Canary Date Palm Diseases
The Canary Island date palm, Phoenix canariensis, can grow 30 to 60 feet in height, with fronds that can reach 18 feet in length. This is the palm tree with the diamond-patterned bark that you will see growing in Las Vegas, California, Florida, Arizona and along the Gulf of Mexico. Although the tree thrives in a Mediterranean climate, it is subject to disease in moist, humid environments.
Fusarium wilt is responsible for the death of many Canary Island date palms and is, in fact, one of the most destructive of all palm diseases in the state of California, according to James Downer of the University of California Cooperative Extension system. There is no cure for fusarium wilt, which is a fungal disease. This disease spreads primarily through pruning equipment. If equipment is not properly cleaned and sterilized after each use on an infected tree, the fungus will be rapidly transmitted to subsequently pruned trees. According to scientists at the University of Florida, the disease interferes with the xylem, or water conduction system, of the tree, resulting in death. Symptoms of the disease begin with the dying off of the lower leaves of the plant, which turn yellow and then brown. Interestingly, when the disease first becomes evident, only one-half of the leaf appears to die, but eventually the entire leaf will be destroyed.
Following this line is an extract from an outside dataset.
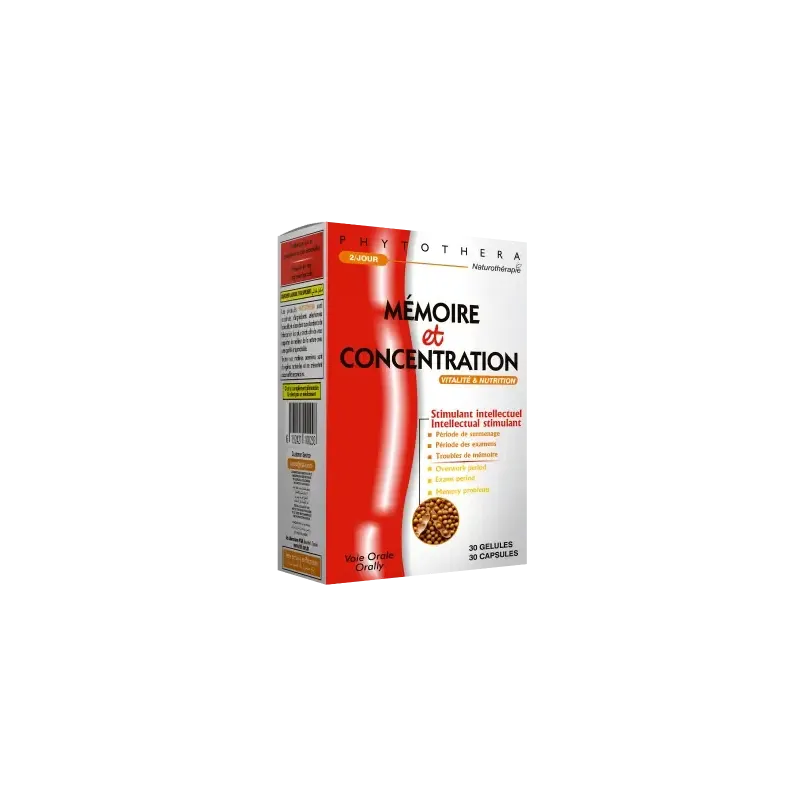 VITAL PHYTOTHERA MÉMOIRE & CONCENTRATION 30 GÉLULES est un complément alimentaire spécialement formulé pour soutenir les performances intellectuelles, la mémoire et la concentration. Sa formule est une synergie d'actifs d'origine végétale et de vitamines qui agissent sur la circulation cérébrale et le bon fonctionnement des cellules nerveuses. Ce produit est un allié précieux en période d'examen, de surmenage intellectuel ou simplement pour maintenir une bonne acuité mentale avec l'âge.

Although there are several pathogens that can cause bud rot, Phytophthora palmivora is generally the culprit, according to researchers at the University of Florida, who believe that P. palmivora is spread through the soil, improperly sanitized gardening tools and storm water, and then transmitted to the Canary Island date palm through wounds in its bark. Unfortunately, by the time symptoms manifest, it is too late to save the tree. These symptoms include buds that fall over, have a foul odor, or rot at the base. If you suspect that your Canary Island date palm may have bud rot, it is important to take an infected portion to your county cooperative extension agent for a diagnosis and instructions on how to keep the disease from spreading to other plants.
Trunk rot is another fungal disease, this one caused by Thielaviopsis paradoxa, which infects the palm through an open wound in its bark. T. paradoxa is transmitted by spores on the wind or in water. Researchers at the University of Florida claim that trunk rot is symptomized by the collapse of the trunk of a seemingly healthy palm, or the canopy falling off the tree. Some palms may appear to be bleeding at the wound site. Cutting out the wounded area may help alleviate this disease. A fungicide labeled for Thielaviopsis diseases should be applied after removal of the wounded area. Clean all equipment used on infected trees by soaking them in three parts of water mixed with one part household bleach.